Gauteng Idiops Trapdoor Spider
- Conservation status: Least Concern (SANBI Red List)

Scientific classification
- Kingdom: Animalia
- Phylum: Arthropoda
- Subphylum: Chelicerata
- Class: Arachnida
- Order: Araneae
- Infraorder: Mygalomorphae
- Family: Idiopidae
- Genus: Idiops
- Species: I. fryi
- Binomial name: Idiops fryi (Purcell, 1903)
- Synonyms: Acanthodon fryi Purcell, 1903 ;

= Idiops fryi =

- Authority: (Purcell, 1903)
- Conservation status: LC

Species of spider

Idiops fryi is a species of spider in the family Idiopidae. It is endemic to South Africa and is commonly known as the Gauteng Idiops trapdoor spider.

==Distribution==
Idiops fryi is recorded from three provinces in South Africa: Gauteng, Free State, and North West. The species occurs at altitudes ranging from 1,171 to 1,762 m above sea level.

==Habitat and ecology==
The species inhabits the Grassland and Savanna biomes. It lives in silk-lined burrows closed with a trapdoor.

==Description==

Idiops fryi is known only from females. The carapace is brown, paler mesially behind. The chelicerae are dark reddish. The legs are brown, with the tibiae, metatarsi, and tarsi of the anterior legs and the tibia and tarsus of the pedipalps darker.

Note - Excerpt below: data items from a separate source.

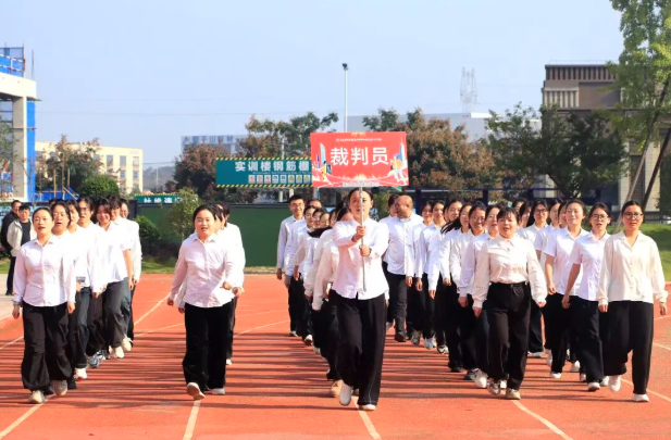 由各年级教师组成的裁判员方阵压轴登场,整齐划一的队列,展现出全体参与者对本届盛会的重视与期待。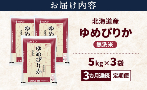 - 【3ヵ月連続定期便】北海道産 ゆめぴりか 無洗米 15kg 米 特A 獲得 白米 ごはん 定期便 定期配送 3ヵ月 道産米 ブランド米 15キロ お米 ご飯 米 北海道米 JAふらの ホクレン ホクレン米 送料無料 北海道 上富良野町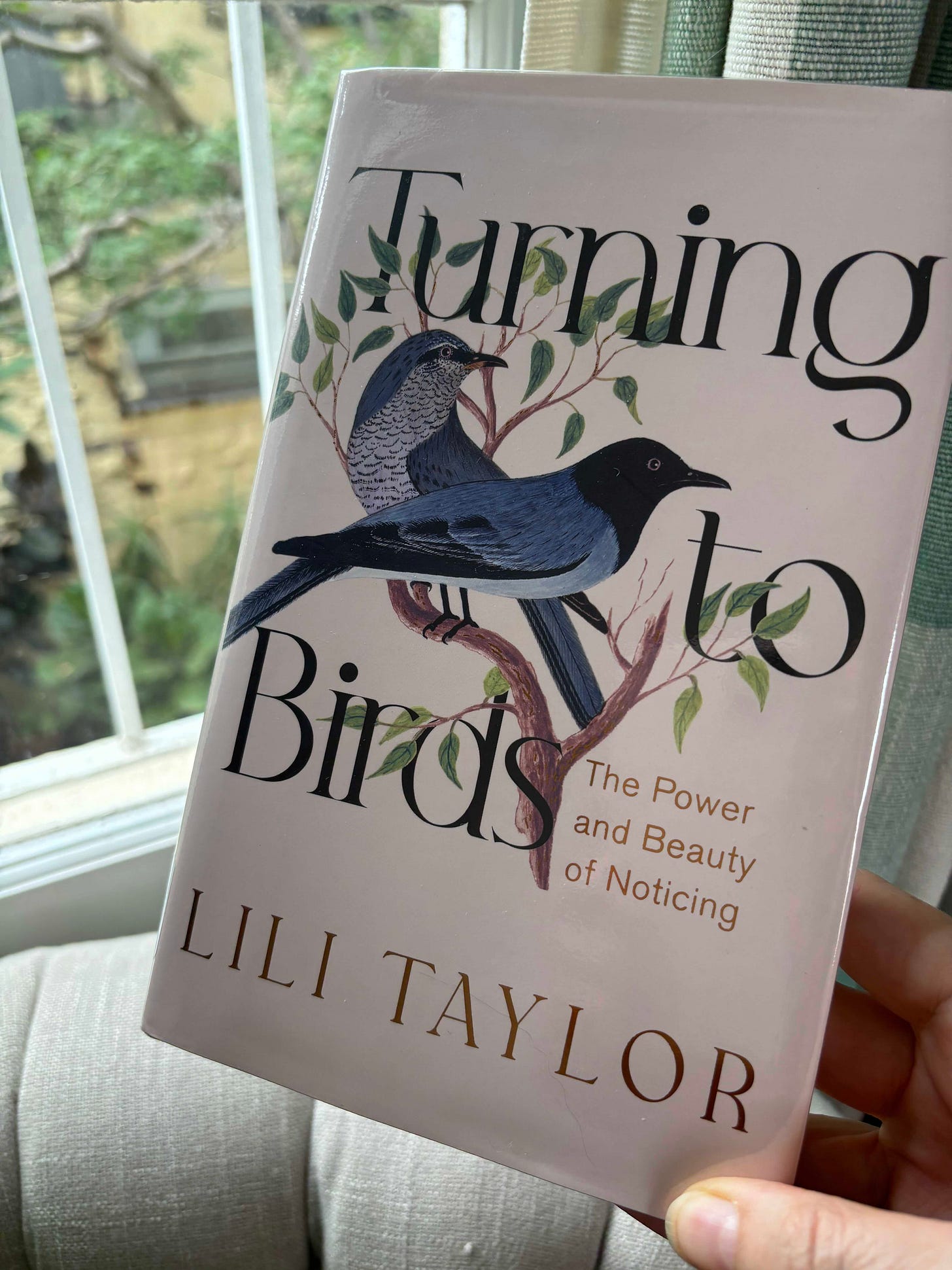 I’m reading a lovely book, Turning to Birds, The Power & Beauty of Noticing by Lili Taylor, a NY-based theatre actor. Spotted it in my local library, knew I would relate, thought you might too.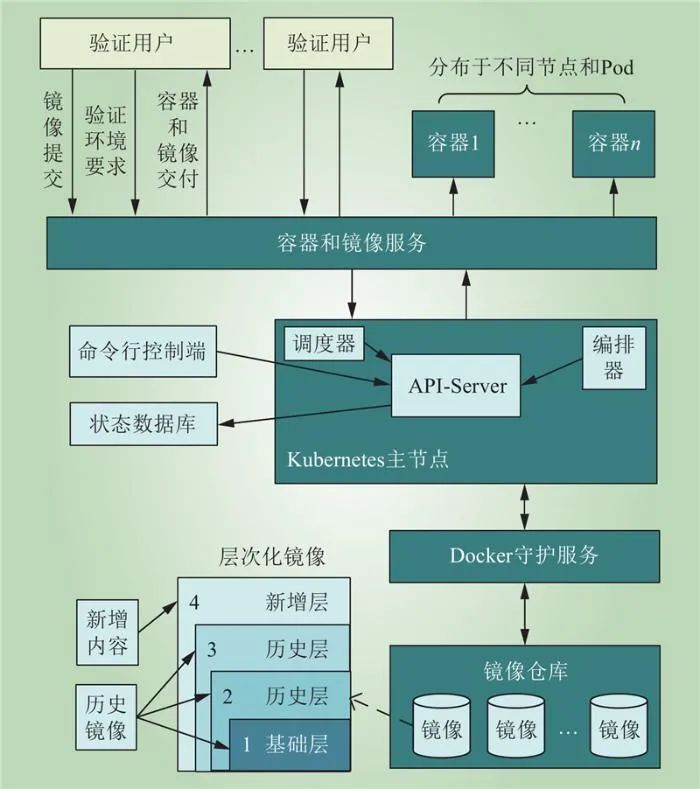 驗(yàn)證平臺(tái)在此基礎(chǔ)上進(jìn)行封裝,形成相比于虛擬機(jī)更細(xì)粒度的容器資源調(diào)度和基于鏡像的對(duì)多種運(yùn)行環(huán)境的支持。

The abdomen is black, with the underside paler. Total length is 35 mm.

==Conservation==
Idiops fryi is listed as Least Concern by the South African National Biodiversity Institute. The species is threatened by habitat loss to urban development and crop cultivation in parts of its range, but is protected in several nature reserves including Ezemvelo Nature Reserve, Roodeplaatdam Nature Reserve, Pilanesberg Nature Reserve, and Kgasmane Nature Reserve.

==Taxonomy==
The species was originally described by William Frederick Purcell in 1903 as Acanthodon fryi from Johannesburg. The species has not been revised and more sampling is needed to collect males and determine the species' range.